> _About this task_: Pictures in the listing below are skipped, while the lines from the "Alquran Kecil Al" line through the "Kamerun Maarif Okulları’nda" line are returned word for word.

> _Information supplied_:
Segment Open

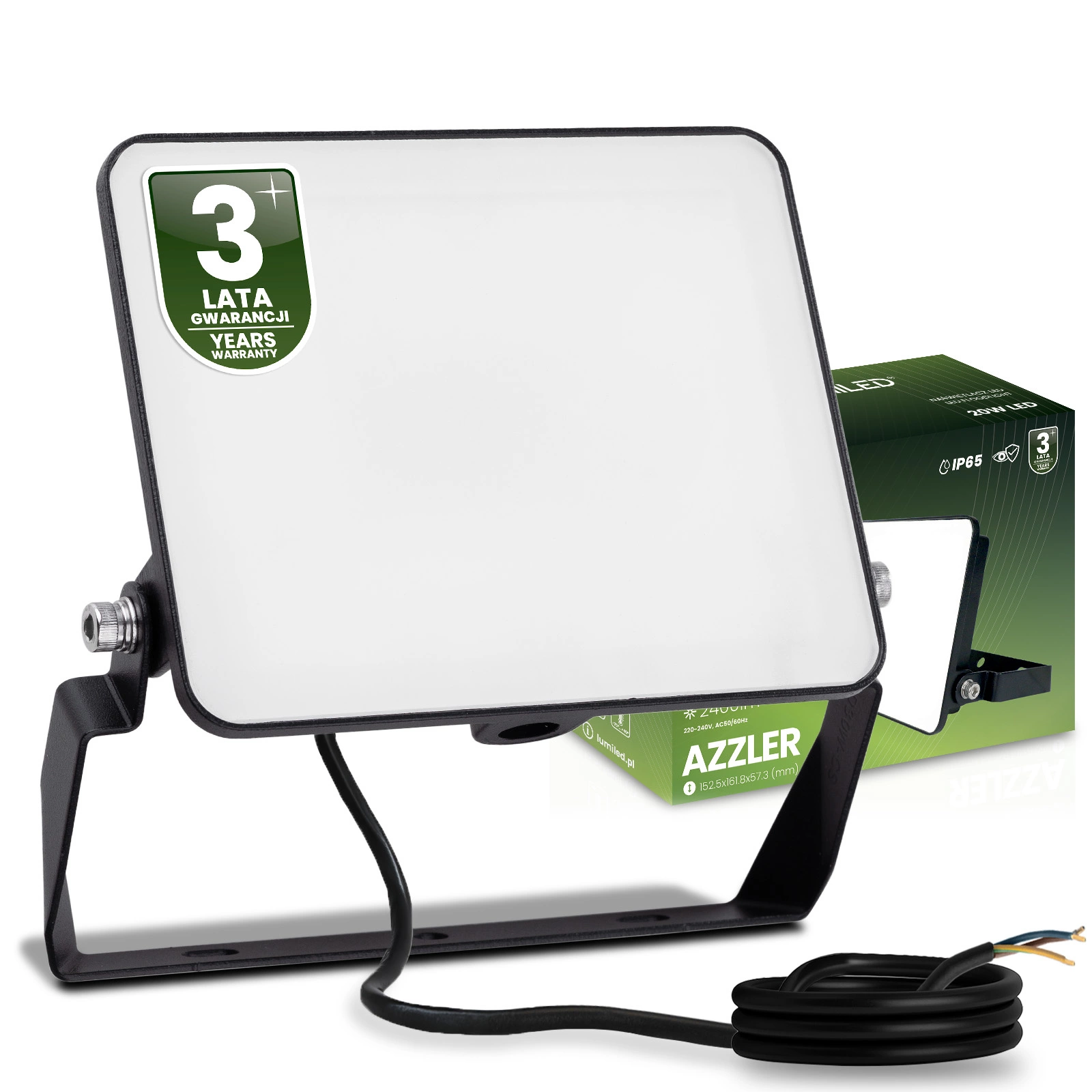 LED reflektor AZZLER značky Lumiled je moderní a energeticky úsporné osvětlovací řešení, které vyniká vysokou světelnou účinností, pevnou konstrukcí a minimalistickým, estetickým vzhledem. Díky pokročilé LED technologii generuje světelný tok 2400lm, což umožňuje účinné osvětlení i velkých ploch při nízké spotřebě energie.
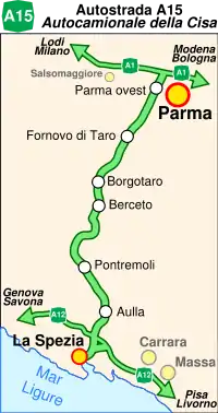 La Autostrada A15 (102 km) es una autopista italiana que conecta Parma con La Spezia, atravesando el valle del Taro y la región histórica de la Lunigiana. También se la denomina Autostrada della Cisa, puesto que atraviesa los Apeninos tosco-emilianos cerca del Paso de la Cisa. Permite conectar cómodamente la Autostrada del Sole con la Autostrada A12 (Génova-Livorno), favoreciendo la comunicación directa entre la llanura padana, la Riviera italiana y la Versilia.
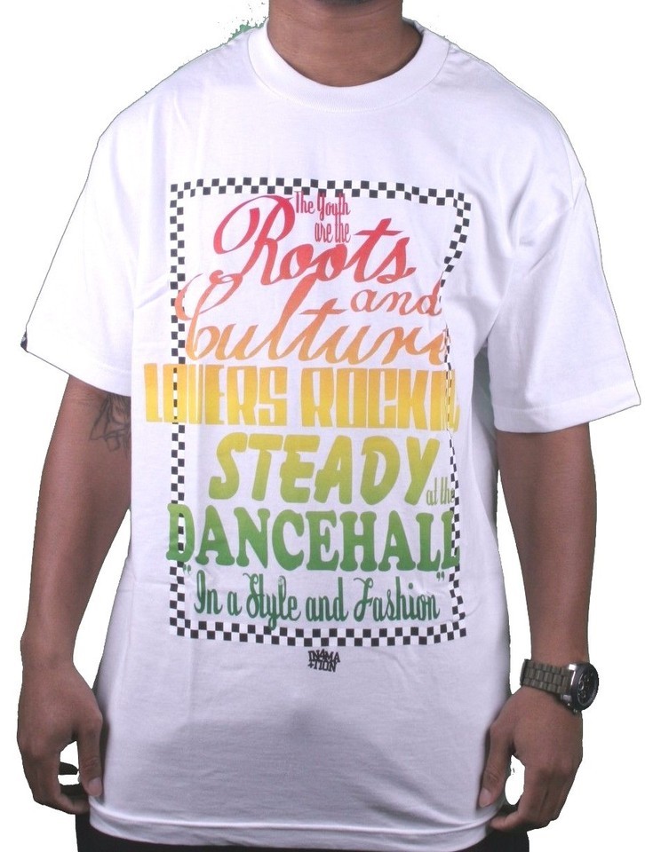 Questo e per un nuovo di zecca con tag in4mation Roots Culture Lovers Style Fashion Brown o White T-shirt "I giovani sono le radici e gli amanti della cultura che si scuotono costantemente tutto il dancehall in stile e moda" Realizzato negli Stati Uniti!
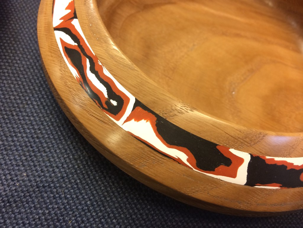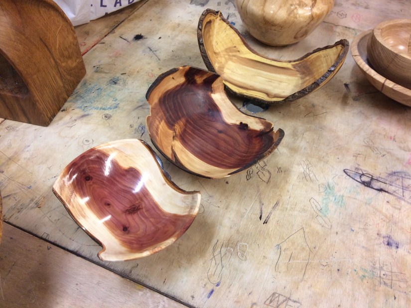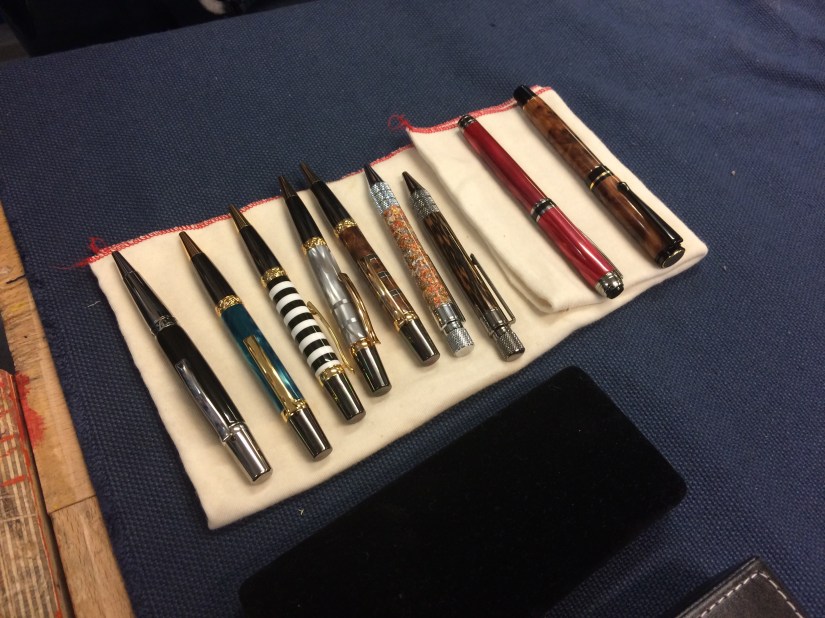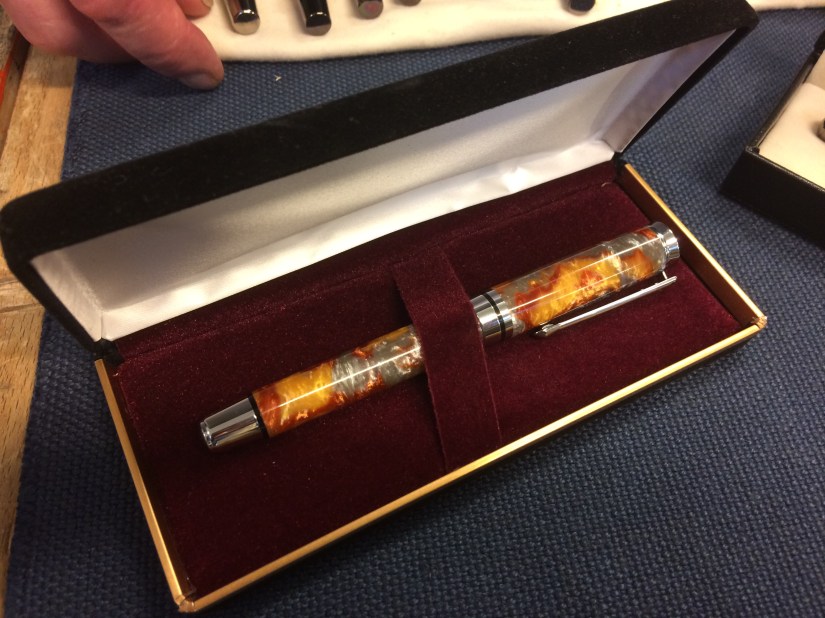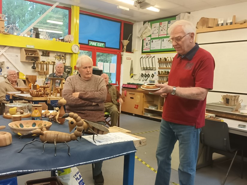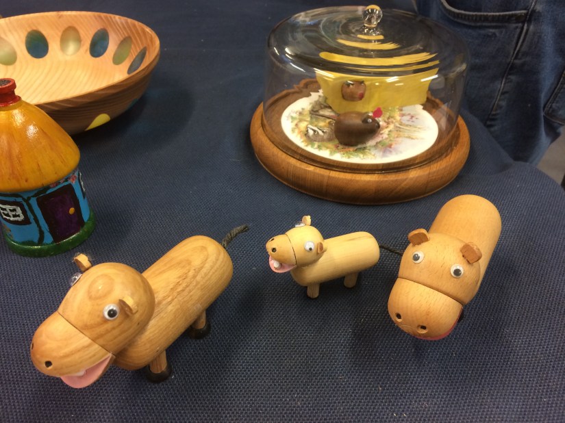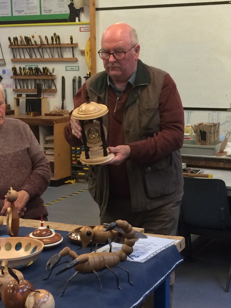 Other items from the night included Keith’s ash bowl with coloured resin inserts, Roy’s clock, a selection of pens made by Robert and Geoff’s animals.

Segment Closed
Segment Open

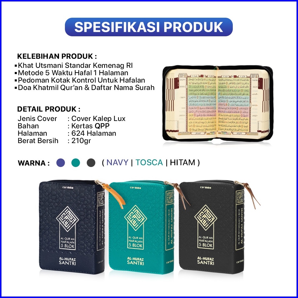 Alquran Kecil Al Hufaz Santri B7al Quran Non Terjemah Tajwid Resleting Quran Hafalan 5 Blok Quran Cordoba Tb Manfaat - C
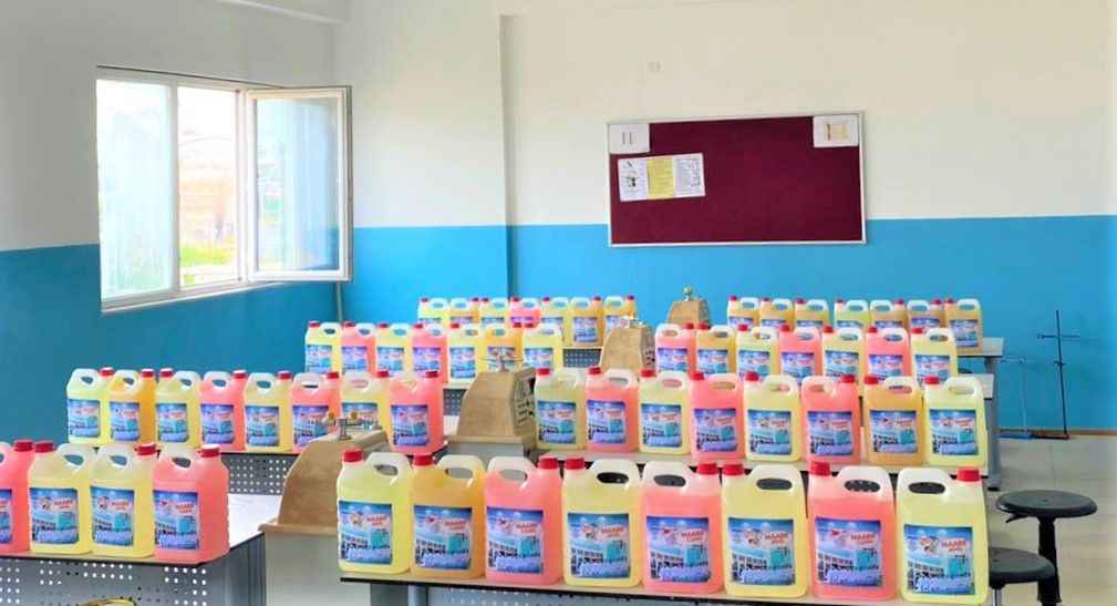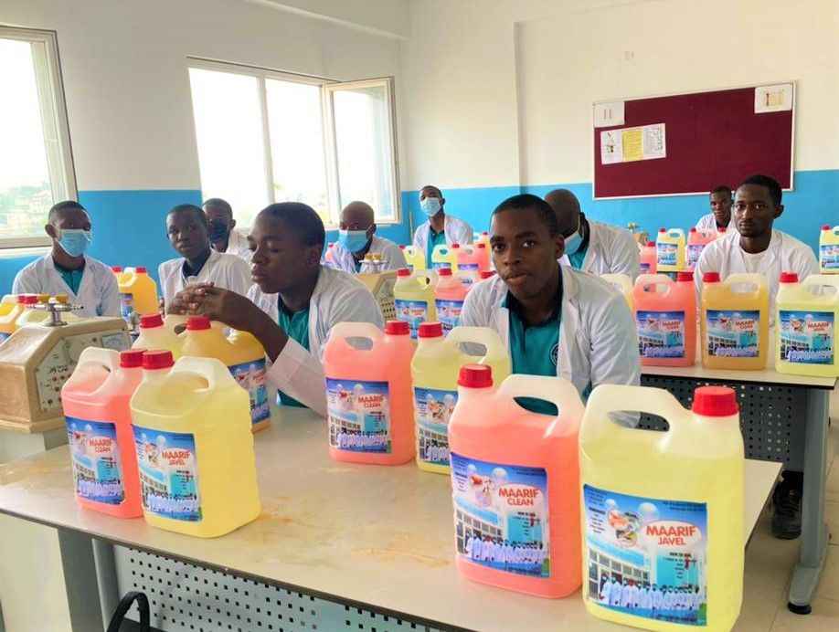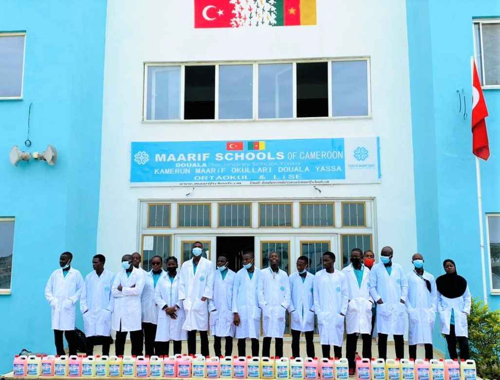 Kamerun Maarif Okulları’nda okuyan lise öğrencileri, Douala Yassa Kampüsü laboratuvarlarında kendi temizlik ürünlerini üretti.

Segment Closed

> _Exercise answer_:
 Alquran Kecil Al Hufaz Santri B7al Quran Non Terjemah Tajwid Resleting Quran Hafalan 5 Blok Quran Cordoba Tb Manfaat - C
 Kamerun Maarif Okulları’nda okuyan lise öğrencileri, Douala Yassa Kampüsü laboratuvarlarında kendi temizlik ürünlerini üretti.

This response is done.